Playford's publication of _The English Dancing Master_ in 1651 is the start of a new trend of dancing manuals in English.

The aim of this thread is to examine the dance forms, the tunes and the people. Who, for example, was Mr Isaac (a choreographer) after whom the maggot is named? Or Mr Beveridge?


----------



## Mandryka (Feb 22, 2013)

You might want to explore Martin Erhardt's group have done with improvised dance music, a group called Al Improvviso. And Guillermo Pérez too, with his group Tasto Solo, though in his case the focus is earlier. I'm sure both of them will be friendly if you emailed them.


----------



## Taggart (Feb 14, 2013)

Thanks for that :tiphat: - they're mostly too early and too European. Much more interested in the Broadside Band and Jeremy Barlow who has edited a complete Playford or (slightly later) Green Ginger who also do Scottish dance and of course Jennifer Thorp (Archivist, New College Oxford and part of the editorial advisory committee for Historical Dance) who has researched widely in the area.


----------



## Mandryka (Feb 22, 2013)

Freddy Eichelberger on that Witches recording you were listening to is very good, there’s a Attaignant recording by him too which I like - Attaignant another compliler/publisher like Playford.

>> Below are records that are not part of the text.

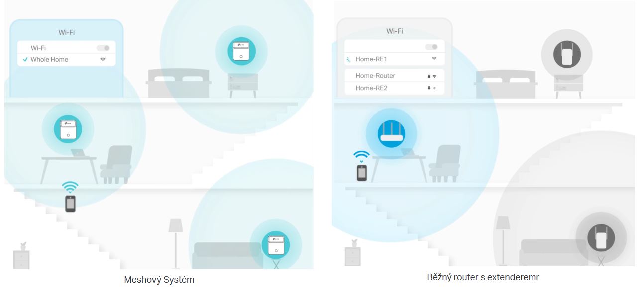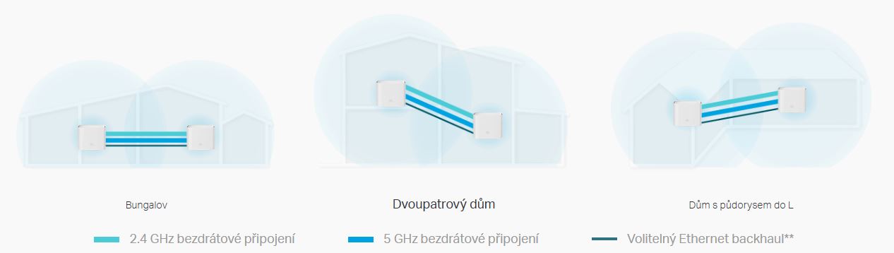 Všechny jednotky spolupracují a tvoří jednu společnou síť. Když se budete pohybovat v domě, vaše mobilní zařízení se automaticky připojí k nejrychlejší jednotce a vytvoří tak skutečně bezvýpadkový Wi-Fi zážitek.
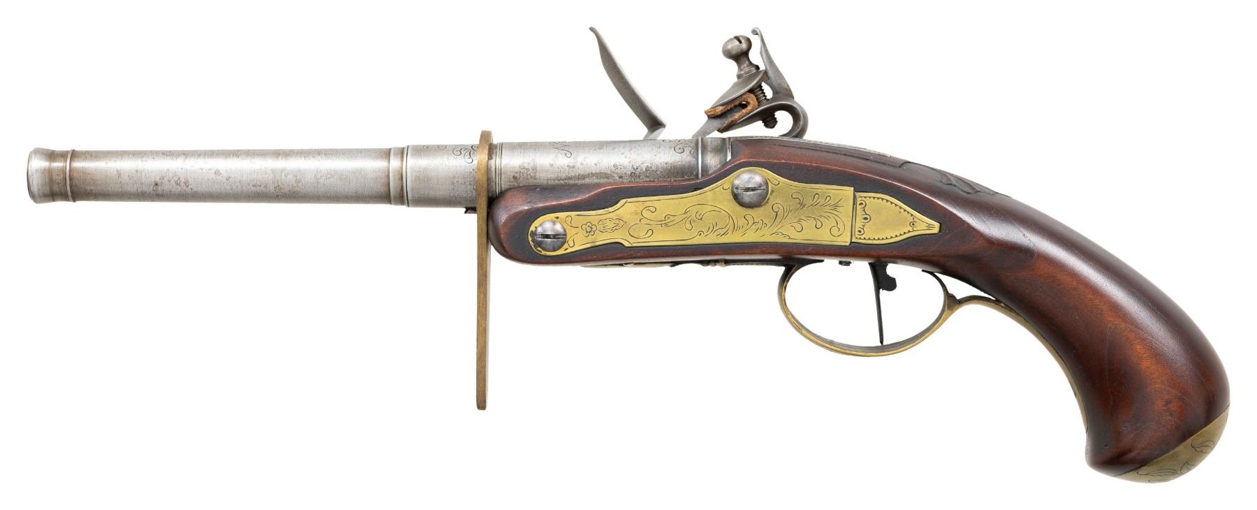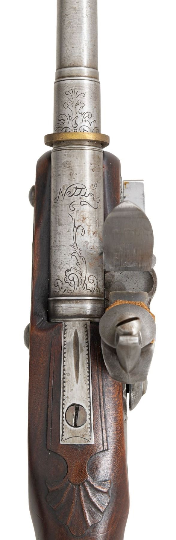 PISTOL. Cal. 45. NSN. Cannonade 8.25" barrel w/ light scroll engraving & "Netting" engraved near lock. Walnut stock w/ carved clam shell behind barrel tang & light floral engraving on brass furniture. UNATTACHED ACCESSORIES: brass gauge. CONDITION: barrel & lock have antique gray finish with peppery patina. Very good wood finish. Brass is starting to acquire patina. Good rifling. Mechanically fine. (01-27986/MD). ANTIQUE. $600-900.
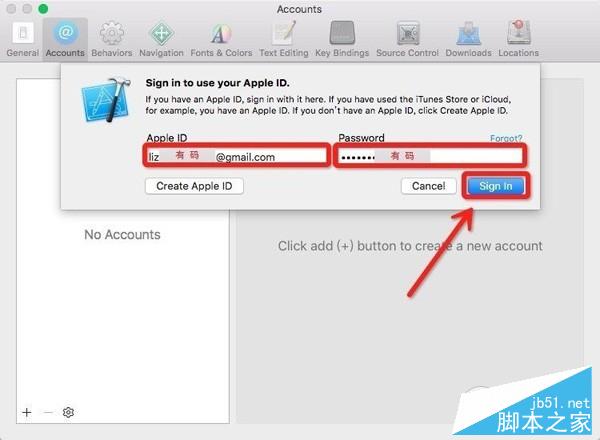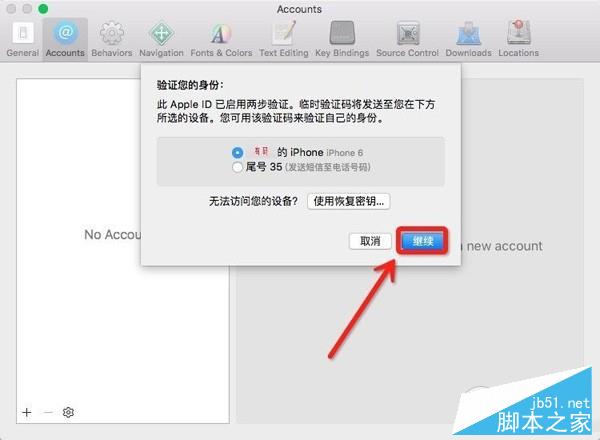 5、修复代码签名问题,添加 Apple ID,已经开启两步验证的锋友需要验证一下,添加完成后如下图,关闭 Accounts 窗口,提示 Reset 的,请点击 Reset,不提示的请忽略此步,至此,代码签名问题已修复。
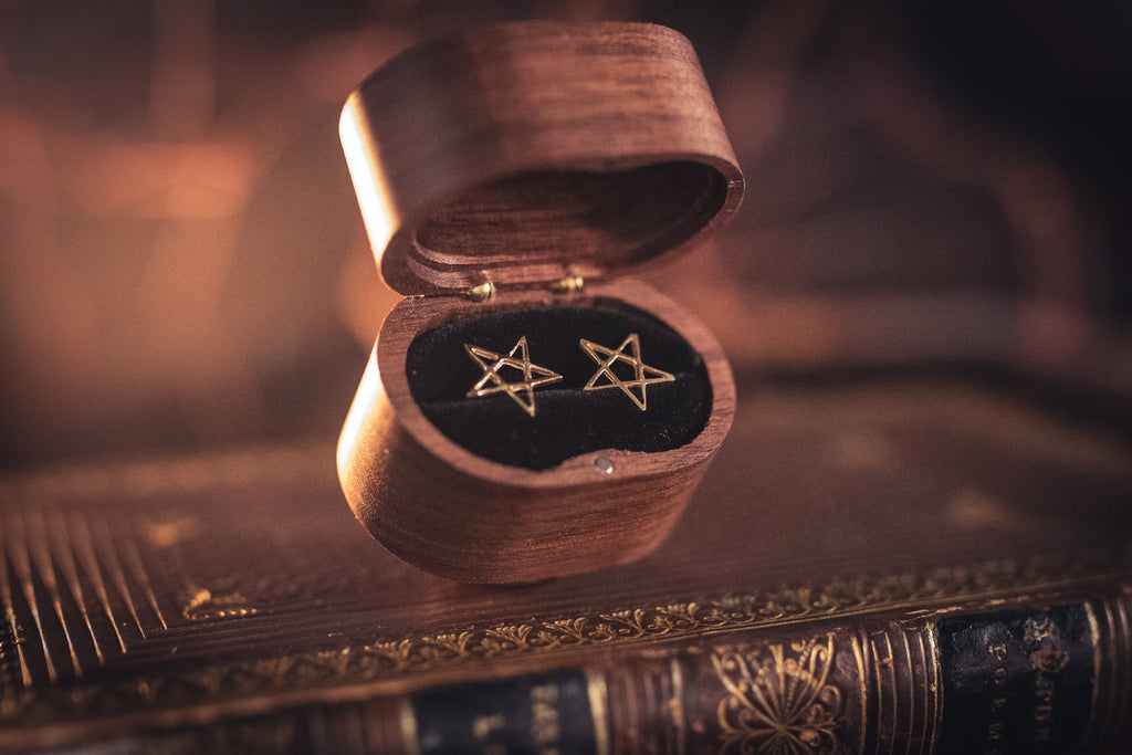 Symbolising the classical element earth, these small pentacle stud earrings with butterfly backs are handmade in Sterling Silver or 9ct Yellow Gold.
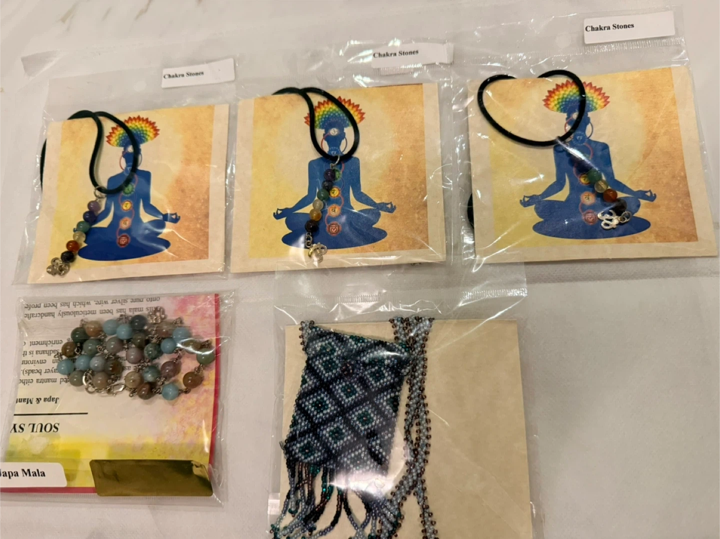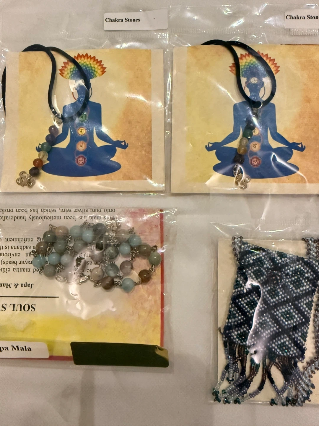 Variety of chakra stone sets, each containing 7 stones in a bag with a chart. Also includes malas and beaded necklaces. Stones include amethyst, clear quartz, carnelian, aventurine, and more. Great for energy work and meditation!
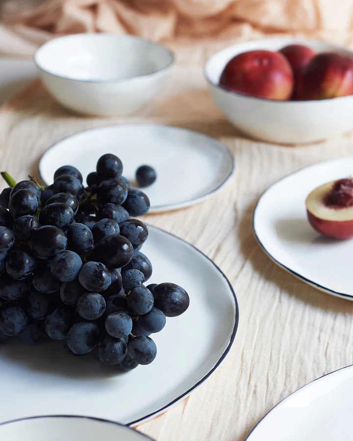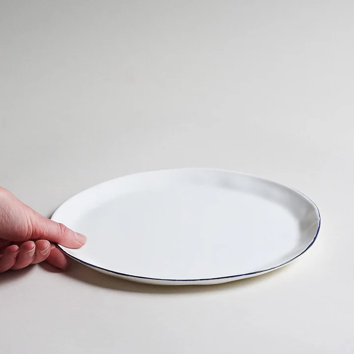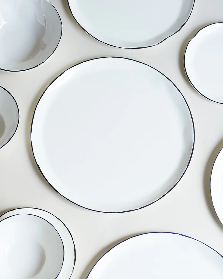 The middle-sized plate, Feldspar's side plate has a dimpled lip to catch wandering dressings and hand-painted deep cobalt blue banding, creating modern elegant place settings. You can also find sets of four Side Plate here.
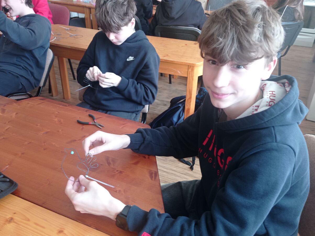 Svou zručnost a trpělivost si vyzkoušeli osmáci při tvoření z drátků. Zprvu to vypadalo, že se nám spíš zamotají ruce, ale po chvíli už začali vznikat krásní drátkovaní ptáčci... Teď už jen aby přišlo jaro!![]()
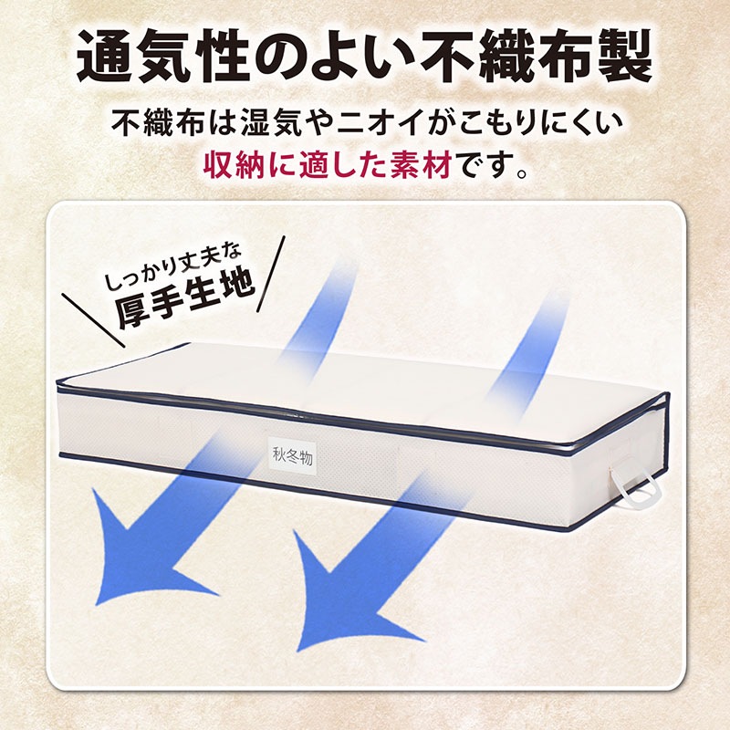 ●通気性が良く湿気やにおいのこもりにくい不織布製。オフシーズンの衣類などの保管に。

There’s a recording with some Playford by one of my favourite ensembles, called The Harp Consort.


----------



## Dorsetmike (Sep 26, 2018)

Some Playford and other dances


----------



## Dirge (Apr 10, 2012)

This site seems to provide the kind of info that you're looking for:

https://tunearch.org/wiki/TTA

You can search for a tune directly using the search box atop the page or browse all tunes in the archive:

https://tunearch.org/wiki/Category:Tune

The main tune page gives the music and basic data; click the *Tune annotations* link to get historical info, etc. Here's what you get for "Mr. Isaac's Maggot":

https://tunearch.org/wiki/Mr._Isaac’s_Maggot (main tune page)
https://tunearch.org/wiki/Annotation:Mr._Isaac’s_Maggot (tune annotations page)

The site is slow and hesitant to respond at times, but it seems to have a lot of information.


----------